Dry-Run and Simulation: Test Automation Before It Touches Prod

Make every automated action prove itself first with dry-run modes, plan diffing, staging replicas, and AI diff summaries that flag risky changes for a human.

  • #automation
  • #dry-run
  • #terraform
  • #kubernetes
  • #ai

The first time automation bit me, it was a one-line Ansible change that looked harmless and rewrote the resolv.conf on forty hosts. It applied in eight seconds. The rollback took two hours. Ever since, I’ve held a simple rule: no automated action is allowed to touch production until it has already proven, on paper, exactly what it intends to do. Dry-run is not a nicety. It is the contract that lets me sleep while a machine does my job, because the machine has to show its work before it gets to act.

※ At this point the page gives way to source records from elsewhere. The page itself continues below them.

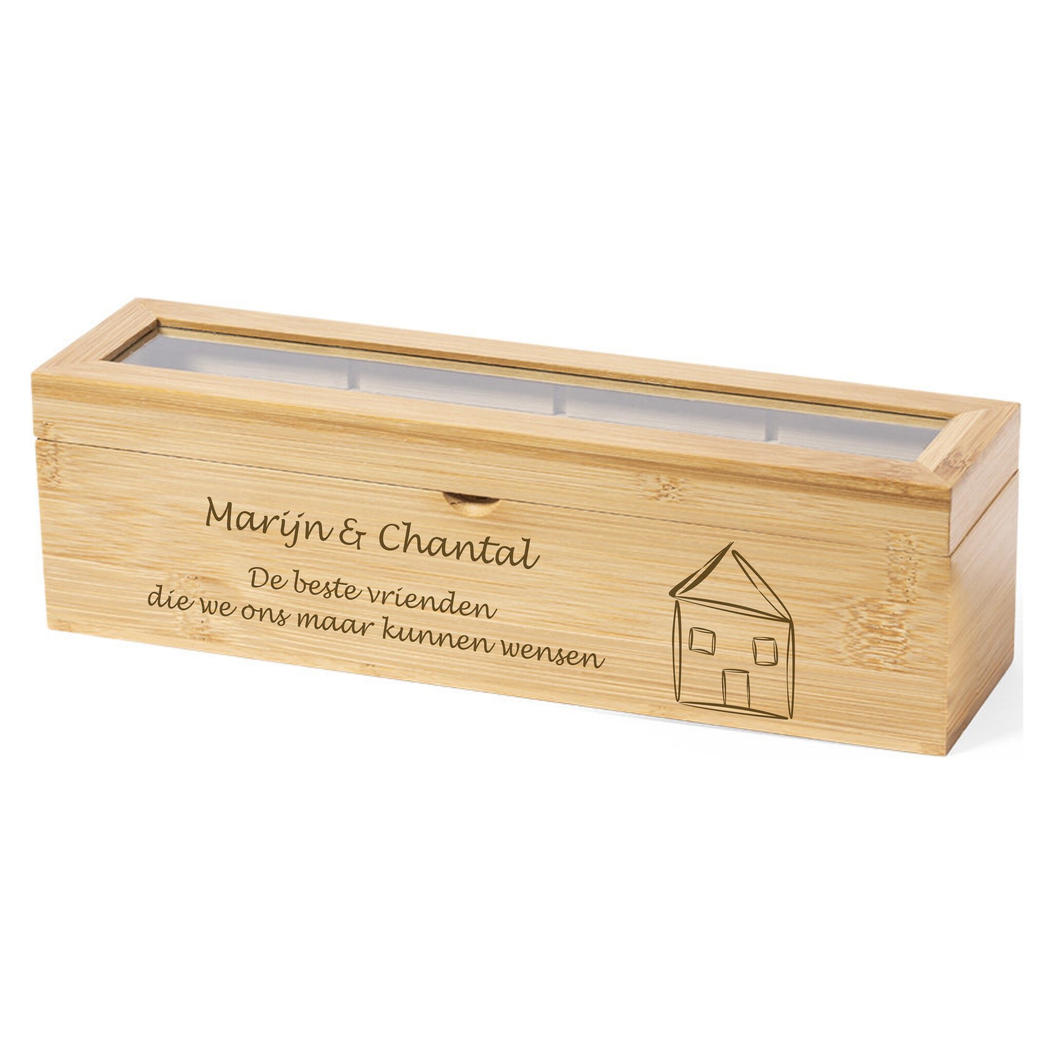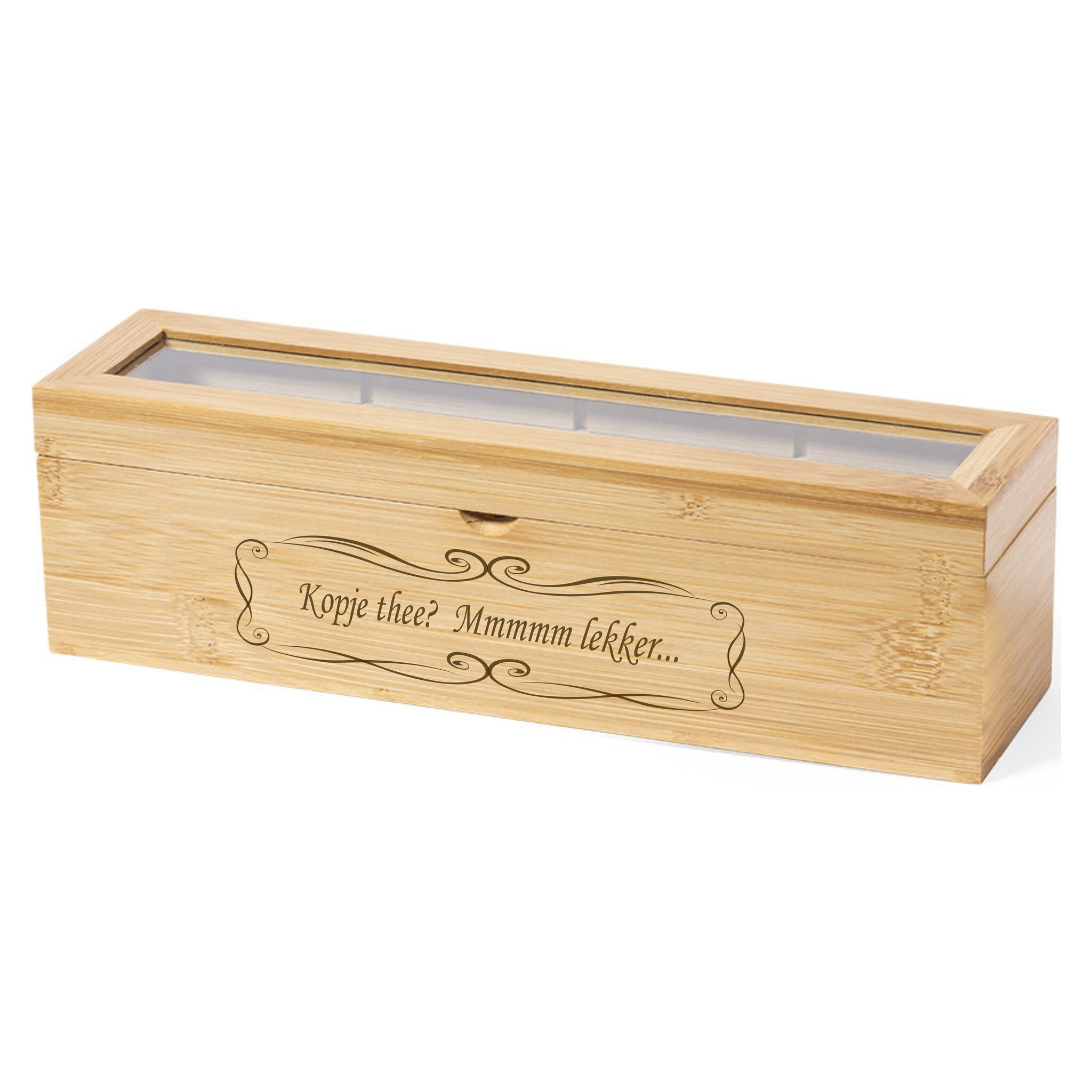 Deze bamboe theekist met 4 vakken biedt de perfecte manier om verschillende theesoorten op een elegante manier te bewaren. De theekist is ideaal om te graveren met teksten, waardoor het een persoonlijk huwelijkscadeau wordt. Deze theekist is wat simpeler dan de andere theedozen welke op de website staan, maar een goed alternatief.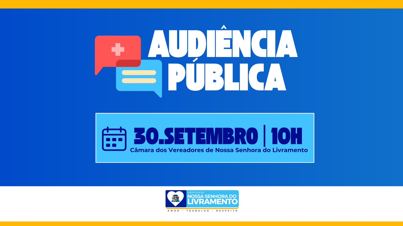 A Prefeitura Municipal de Nossa Senhora do Livramento publicou o Edital de Convocação nº 005/2025, convidando toda a população a participar da audiência pública para apresentação e discussão da Lei Orçamentária Anual (LOA) 2026. O encontro acontecerá no dia 30 de setembro de 2025 (terça-feira), às 10h da manhã, na Câmara Municipal, com transmissão também pelos meios eletrônicos oficiais.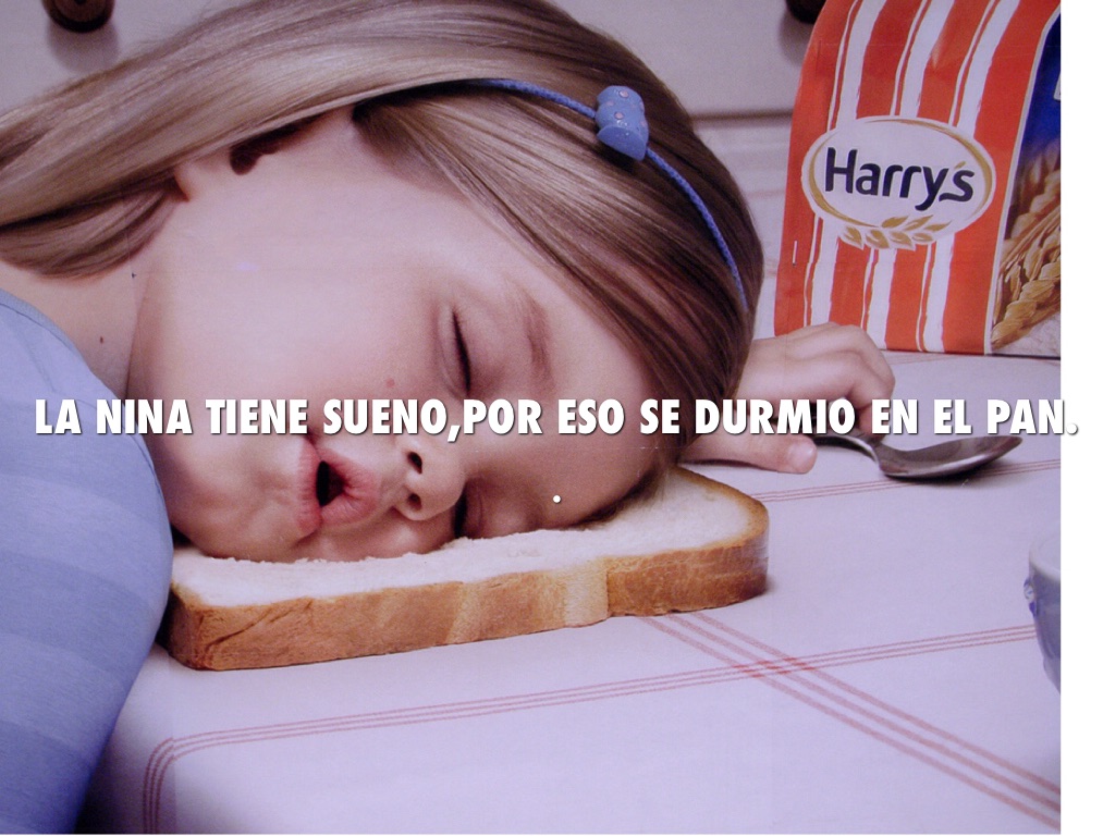 LA NINA TIENE SUENO,POR ESO SE DURMIO EN EL PAN.

The pattern I’ll walk through here is promote-on-evidence: an action describes its effect, a diff gets reviewed, a replica runs it for real, and only then — with a human pressing the button — does it touch prod. AI fits into this beautifully, but only in the read-and-explain seat. It never holds the credentials.

Make every tool run in —check mode first

Most ops tooling already ships with a dry-run flag. The job is to make it mandatory, not optional. Ansible has --check, which walks the play and reports what would change without changing it, and --diff, which shows the before/after of files and templates.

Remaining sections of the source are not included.